[PLSR model based on near-infrared spectroscopy for the detection of wood fiber anatomy of Schima superba.]

To rapidly acquire fiber phenotypic data for wood quality assessment, we used a portable NIR spectro-meter to collect spectral data in 100 individuals of Schima superba at 18-year-old of 20 different provenances, and simultaneously collected wood cores. Wood basic density and the anatomical structure of wood fiber were measured. The standard normal variate (SNV), orthogonal signal correction (OSC), and multiplicative scatter correction (MSC) methods were used for spectral preprocessing, the competitive adaptive reweighted sampling (CARS) method were used for wavelength selection, and the partial least squares regression (PLSR) model were established. The results showed a significant difference for the absolute reflectance data between forest and indoor environments, and the spectral data of which were relatively independent. SNV, OSC and MSC showed significant differences for predictive performance of the model. OSC had the excellent preprocessing capability in multiple cha-racteristics of wood fiber ether in forest and indoor environments.
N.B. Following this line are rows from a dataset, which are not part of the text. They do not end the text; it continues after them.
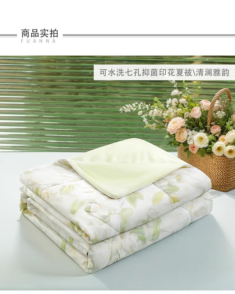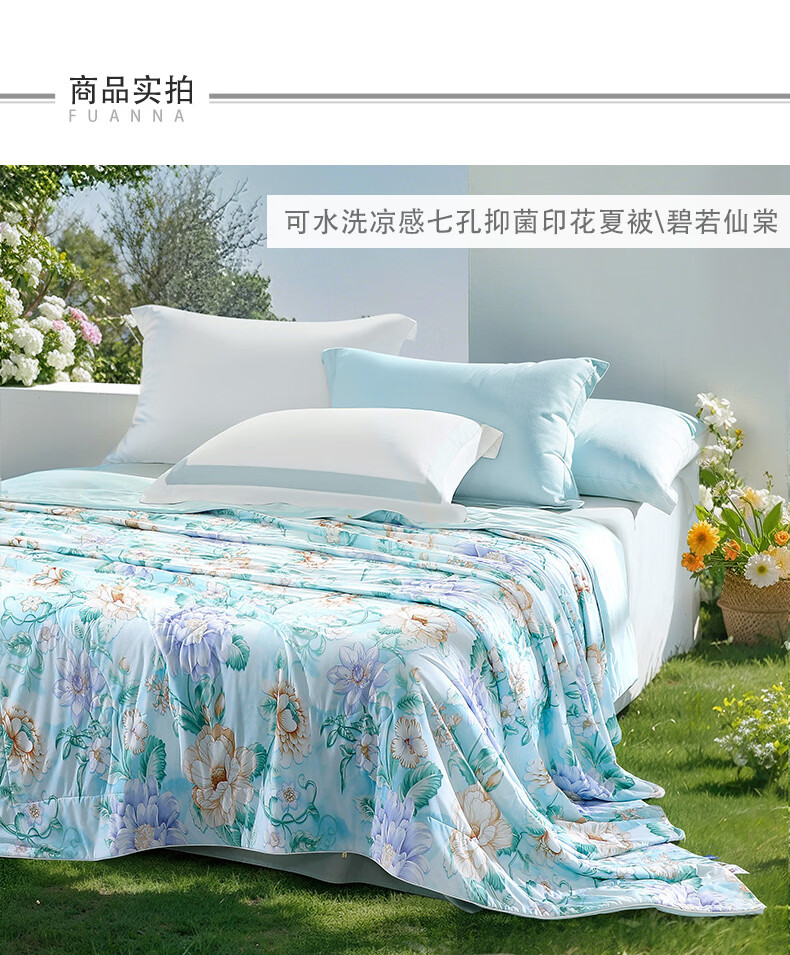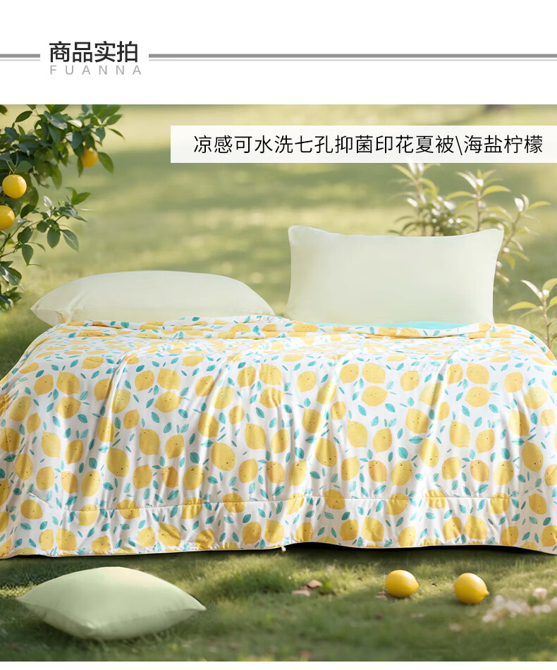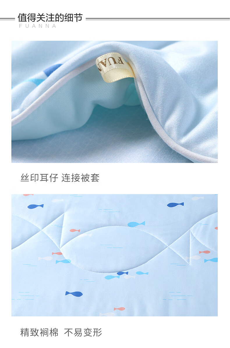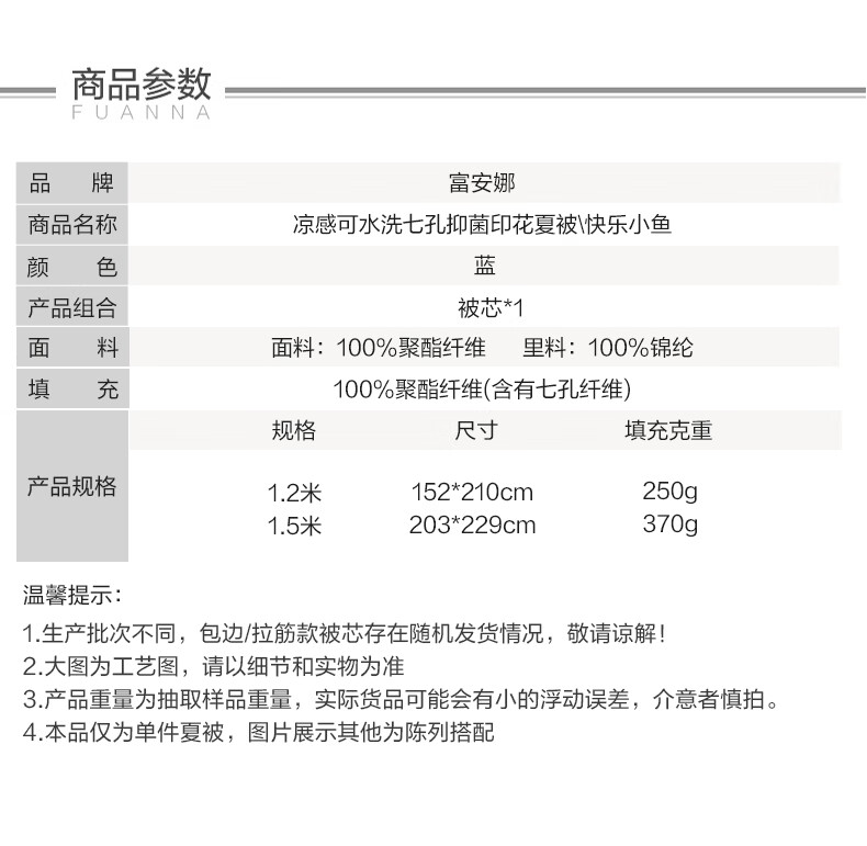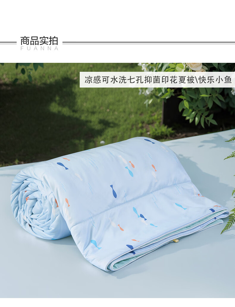 富安娜 凉感被七孔抑菌空调被子 可水洗凉感被夏季家用夏凉被薄被 A类可水洗凉感七孔抑菌-小鱼 1.5米/1.8米床适用 203cm*229cm 夏被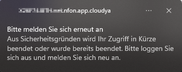 Aus Sicherheitsgründen müssen sich alle (Cloudya-) Nutzer nach spätestens 45 Tagen erneut anmelden. Der nebenstehende Hinweis soll Nutzer an diese Frist erinnern.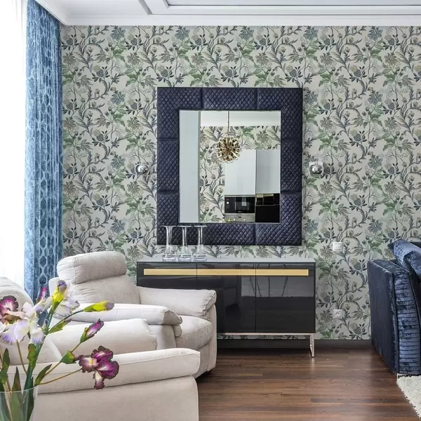 Ταπετσαρία Μπλε-πράσινα λαϊκά λουλούδια και φύλλα σε κρεμ χρώμα Nr. a00863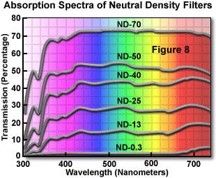 Presented in Figure 8 are the visible light absorption profiles for a series of common neutral density filters. As can be seen in the figure, these filters display a relatively constant extinction coefficient throughout the visible light (400 to 700 nanometers) spectral range. Each neutral density filter in the series, ranging fromND-0.3toND-70in Figure 8, has an incrementally lower extinction coefficient. This filter set collectively provides a uniform series of filters for adjusting illumination intensity.

The predictive accuracy of the models with R² was 0.47-0.78 in forest (average=0.63), and R² was 0.54-0.82 in indoor environment (average=0.71). However, the SNV and MSC methods could not establish the models, except the fiber wall-cavity ratio from forest data. After wavelength selection through the CARS method, the predictive accuracy of the models was significantly improved using both forest and indoor data (R²=0.58 and 0.72, respectively). When performed OSC before and after CARS, the predictive accuracy of the models was improved to 0.68 and 0.84 respectively using forest and indoor data. The OSC and CARS could significantly improve the accuracy of the models for wood fiber anatomical structures. First OSC, then CARS, and finally OSC methods could be used to establish the PLSR model for fiber length, fiber cell wall thickness, fiber lumen diameter, wood basic density, fiber cavity-width ratio, and fiber wall-cavity ratio, and the R² ranged from 0.80 to 0.95. These models had effective predictive ability and accuracy to assess the physical properties of wood fibers of S. superba.